PEMBAHASAN
A. PENGERTIAN MUDHARABAH
Mudharabah adalah salah satu bentuk kerja sama dalam bidang lapangan
ekonomi, yang biasa pula disebut qiradh yang
berarti al-qath’ (potongan). Kata
mudharabah berasal dari akar kata dharaba
pada kalimat al-dharb fi al-ardh, bepergian
untuk urusan dagang. Menurut bahasa kata Abdurrahman al-Jaziri, mudharabah
berarti ungkapan terhadap pemberian harta dari seorang kepada orang lain
sebagai modal usaha dimana keuntungan yang diperoleh akan dibagi diantara
mereka berdua, dan bila rugi akan ditanggung oleh pemilik modal.

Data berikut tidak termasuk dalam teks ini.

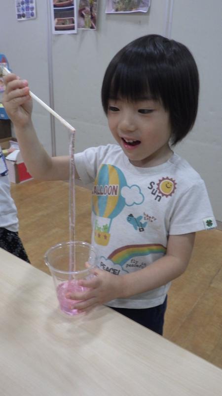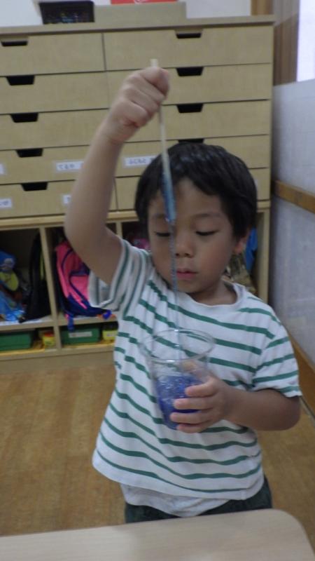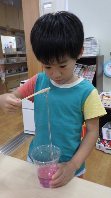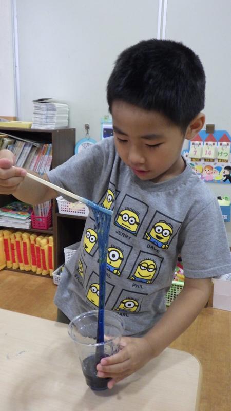 絵の具と食紅で色のつき方の違いを楽しんだり、液体からほう砂水を入れることで少しずつ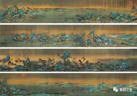 《千里江山图》表现了绵亘山势,幽岩深谷,高峰平坡,流溪飞泉,水村野市,渔船游艇,桥梁水车,茅蓬楼阁,以及捕鱼、游赏、行旅、呼渡等人物的活动。作者以“咫尺有千里之趣”的表现手法和绝妙的笔法,描绘了祖国的锦绣河山。这些内容也将在邮票中得到充分的展示。然而今天,小编想和大家聊一聊这幅古画画面之外的故事。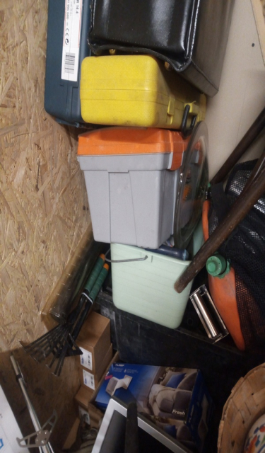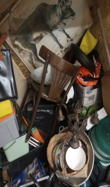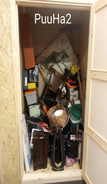 Myydään huutokaupalla kuvassa näkyvän varaston sisältö, vuokranantajan / haltijan lukuun.

Menurut istilah syarak, mudharabah adalah akad antara dua pihak untuk
bekerja sama dalam usaha perdagangan dimana salah satu puhak memberikan dana
kepada pihak lain sebagai modal usaha dan keuntungan dari usaha itu akan dibagi
diantara mereka berdua sesuai dengan perjanjian yang telah disepakati.
Menurut istilah yang dikemukakan oleh para ulama, mudharabah adalah
sebagai berikut:
1.
Menurut para Fuqaha, mudharabah ialah akad antara dua
pihak (orang) saling menanggung, salah satu pihak menyerahkan hartanya kepada
pihak lain untuk diperdagangkan dengan bagian yang telah ditentukan dari
keuntungan, seperti setengah atau sepertiga dengan syarat-syarat yang telah
ditentukan.
2.
Menurut Hanafiah, mudharabah adalah memandang tujuan
dua pihak yang berakat yang berserikat dalam keuntungan (laba), karena harta
diserahkan kepada yang lain dan yang lain punya jasa mengelola harta itu. Maka
mudharabah ialah:
“Akad syirkah dalam laba,
satu pihak pemilik harta dan pihak lain pemilik jasa”.
3.
Malikiyah berpendapat bahwa mudharabah adalah:
“Akad perwakilan, dimana
pemilik harta mengeluarkan hartanya kepada yang lain untuk diperdagangkan
dengan pembayaran yang ditentukan”.
4.
Sayyid Sabiq berpendapat, mudharabah ialah akad antara
dua belah pihak untuk salah satu pihak mengeluarkan sejumlah uang untuk
diperdagangkan, dengan syarat keuntungan dibagi dua sesuai dengan perjanjian.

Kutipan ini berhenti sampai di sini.